We saved the results in a worksheet named “Sig. I - Type 1 Wald” in the same Excel file AML_uneqvar.xlsx using the following commands
write.xlsx(sig.res1.I.wald, file="AML_uneqvar.xlsx", sheetName = "Sig. I - Type 1 Wald", row.names = F, append = T)
The procedure for the analysis based on Type 2 screening test is the same as that based on Type 1 test except that the argument screen.type
of function lrt.test.mclapply
needs to be specified as 2 rather than 1. We perform the Type 2 screening test by submitting following command:
res <- lrt.test.mclapply(data=data, VarCov.type="uneqvar", nCore=NULL, outfile="output/AML_outcome_uneqvar_type2.RData", screen.type=2)
Let’s take a look at the results
load(file="output/AML_outcome_uneqvar_type2.RData")
The dimension of the object is
dim(res)
## [1] 8058 6
The rows on the top are
head(res)
## lrt df nIso p.value FDR Time
## KDM5A 6.8602998 4 5 0.1434574952 0.33378175 1.8200545
## NINJ2 1.2890201 1 2 0.2562286206 0.46720240 0.5789759
## RAD52 0.1514221 1 2 0.6971800786 0.82605803 0.6067107
## DCUN1D2 2.4249554 1 2 0.1194166404 0.29900001 0.6117477
## LINS 15.1641608 2 3 0.0005095001 0.01197555 0.8188503
## TMEM86B 3.2041603 2 3 0.2014769827 0.40538883 0.8531349
and on the bottom are
tail(res)
## lrt df nIso p.value FDR Time
## SHANK3 0.193505567 2 3 0.90778040 0.95295026 0.4346292
## PRIM2 0.004453407 1 2 0.94679358 0.97345110 0.5046623
## SCAMP1 10.551362594 3 4 0.01441649 0.08660597 0.9508400
## VPS11 3.821044922 4 5 0.43076617 0.63258336 1.5673914
## EMG1 1.609379097 3 4 0.65726505 0.79773188 0.7255163
## ALDH3B1 0.665525167 3 4 0.88128123 0.93764524 0.5521927
Let’s check how many genes with missing results.

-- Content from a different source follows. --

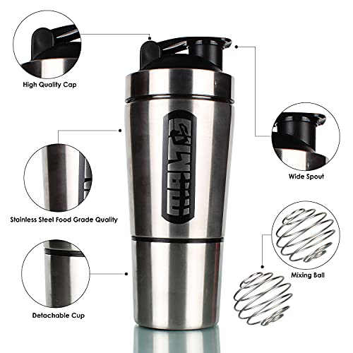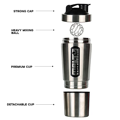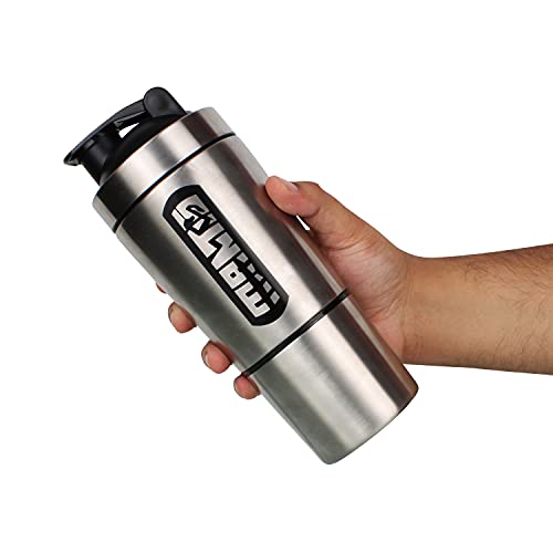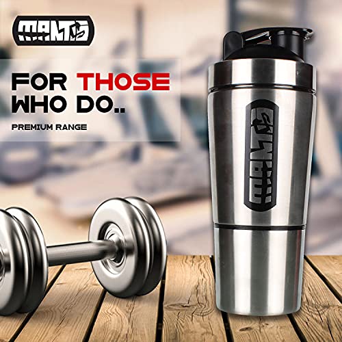 MANTIS Stainless Steel shaker bottle is 100% food grade and leak proof. Say good bye to smelly and poor quality shaker bottles. MANTIS presents shaker bottle in high grade stainless steelStainless steel shaker bottles are good for the environment and good for your health. Have a longer serving life then plastic shaker bottle. it's Strong and its sturdy and also extremely friendly to our environment. Unique brushed stainless finish gives it lasting finish. The volume market is visible inside and outside the bottle for clear liquid indication. Extra compartment makes it very easy to carry protein on a go. Extremely rugged design and build for carry to gym and your favourite sports.

p <- which(is.na(res[, 1]))
length(p)
## [1] 231
We see that there are 231 (2.87%) genes whose linear mixed effects models did not converge. The names of these genes are
rownames(res)[p]
## [1] "HDLBP" "GNL1" "PPP1R10" "GATAD2B" "PAXBP1" "ZMYM6" "SRP68" "H3F3B"
## [9] "ZC3HC1" "S100A6" "WBP2" "RGPD6" "TPM3" "CDK2AP1" "EEF1D" "PLAGL1"

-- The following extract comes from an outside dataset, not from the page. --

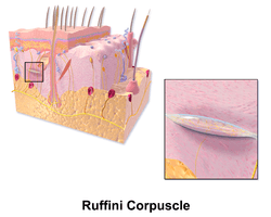Ruffinian endings are located in the deep layers of the skin, and register mechanical deformation within joints, more specifically angle change, with a specificity of up to 2.75 degrees, as well as continuous pressure states. They also act as thermoreceptors that respond for a long time, so in case of deep burn there will be no pain as these receptors will be burned off.[5] Classically regarded as a thermoreceptor, the Ruffinian endings/corpuscle is not actually a thermoreceptor but is rather a mechanoreceptor.[6]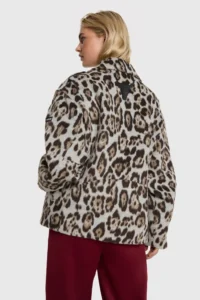Bikerjack van een zachte geweven stof. Jacket is ontworpen met een grote jaguarprint all-over met een 'ALIX THE LABEL'-label op de mouw en een geborduurde stier op de rug.

## [17] "SPI1" "IDH2" "SDHB" "UBE2D3" "RAB43" "MCTP1" "CLINT1" "RPLP0"
## [25] "NDUFB1" "PABPC1" "VNN2" "GBA" "CLK2" "EIF4E3" "IER3" "DDX39B"
## [33] "BAG6" "DDAH2" "CLIC1" "EHMT2" "MRPS25" "ATF6B" "TAP2" "TAP1"
## [41] "HLA-DMA" "HLA-DPA1" "AES" "RGL2" "TAPBP" "USP34" "HNRNPH1" "C19orf70"
## [49] "TCF20" "AKT2" "HLA-B" "BCAP31" "DNMT1" "GNB2L1" "BARD1" "ACIN1"
## [57] "KDM5C" "ARHGAP4" "NGLY1" "GPSM3" "ZNF468" "CUTA" "FLNA" "VPS52"
## [65] "MS4A4E" "LUZP1" "CHFR" "YWHAE" "MCAM" "SETD4" "DDX5" "RASGRP2"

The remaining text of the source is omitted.